***** DATA SEGMENT *****

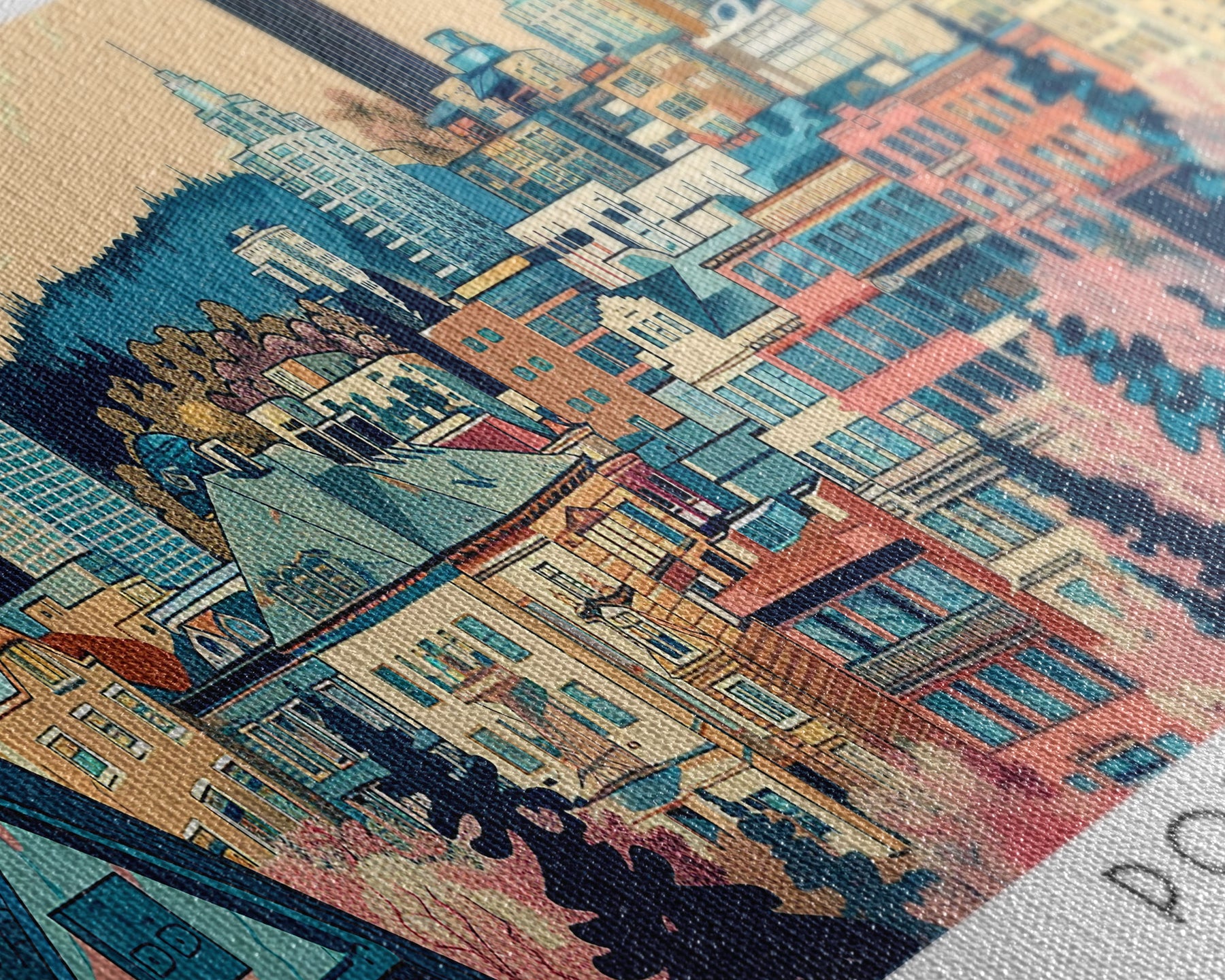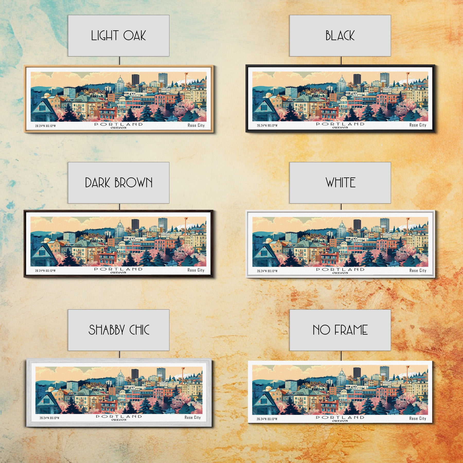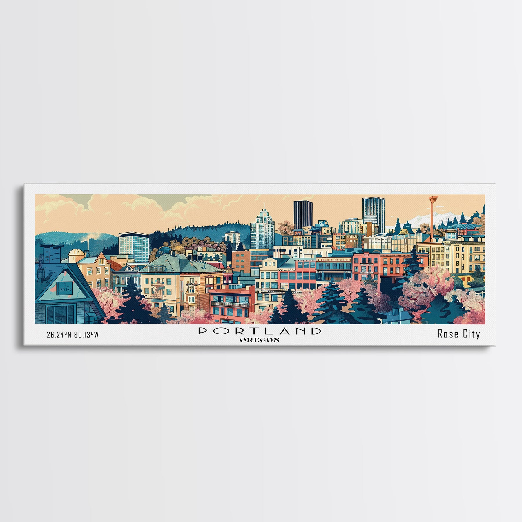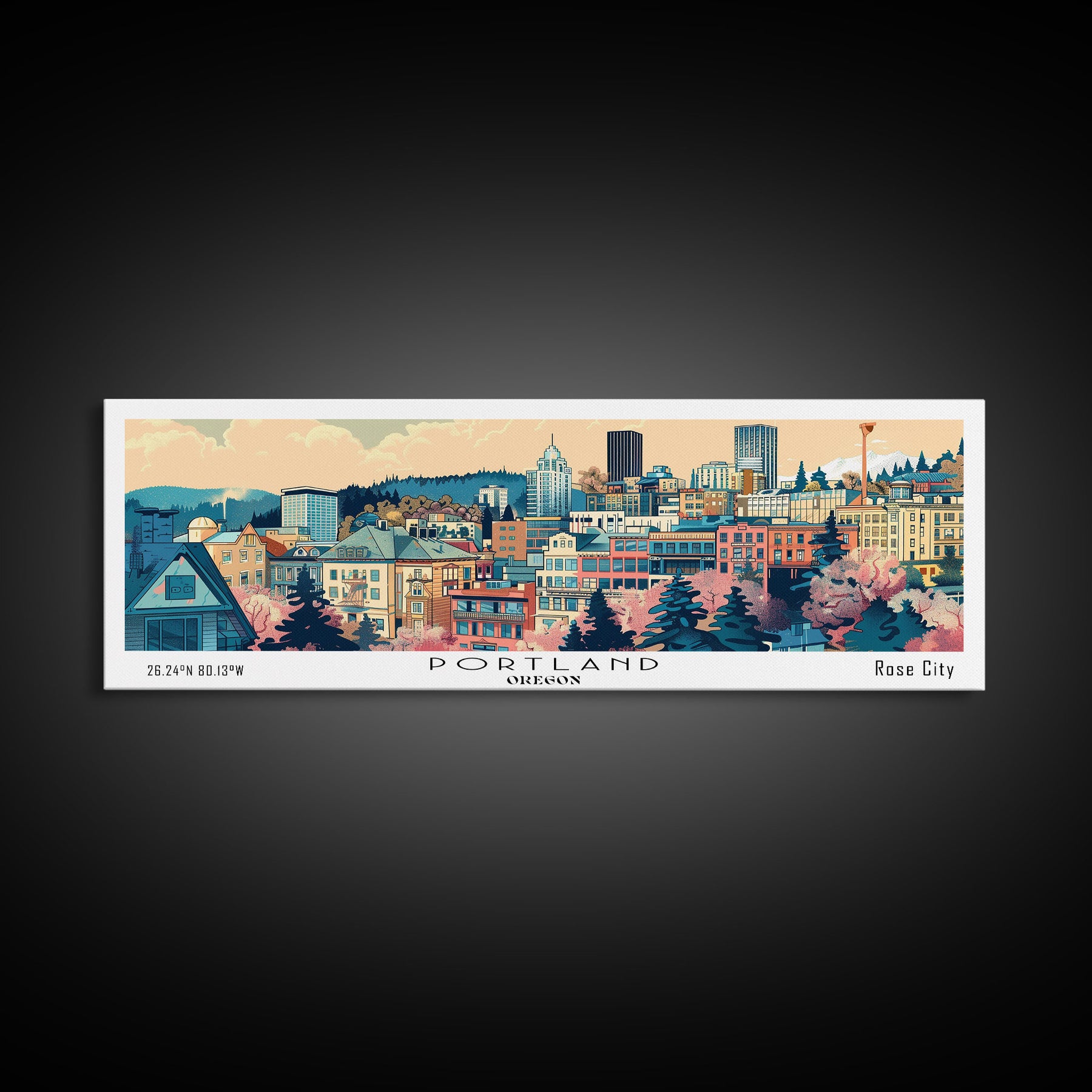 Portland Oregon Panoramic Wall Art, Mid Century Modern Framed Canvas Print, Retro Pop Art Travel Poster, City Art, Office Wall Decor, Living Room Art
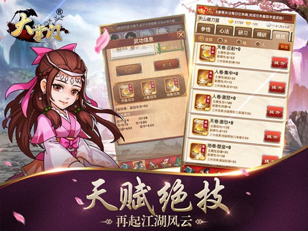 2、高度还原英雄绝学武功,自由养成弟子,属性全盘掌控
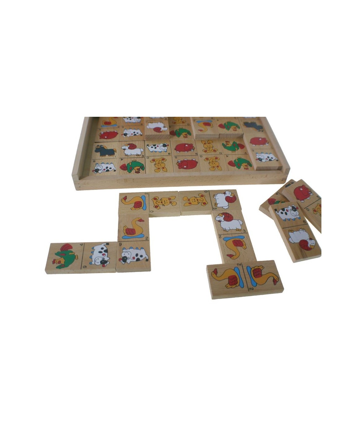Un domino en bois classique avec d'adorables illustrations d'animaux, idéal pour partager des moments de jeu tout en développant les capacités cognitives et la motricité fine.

*****

PROBLEM DETAILS -
Print the listing exactly, minus any pictures.

ANSWER SPACE -
 Portland Oregon Panoramic Wall Art, Mid Century Modern Framed Canvas Print, Retro Pop Art Travel Poster, City Art, Office Wall Decor, Living Room Art
 2、高度还原英雄绝学武功,自由养成弟子,属性全盘掌控
Un domino en bois classique avec d'adorables illustrations d'animaux, idéal pour partager des moments de jeu tout en développant les capacités cognitives et la motricité fine.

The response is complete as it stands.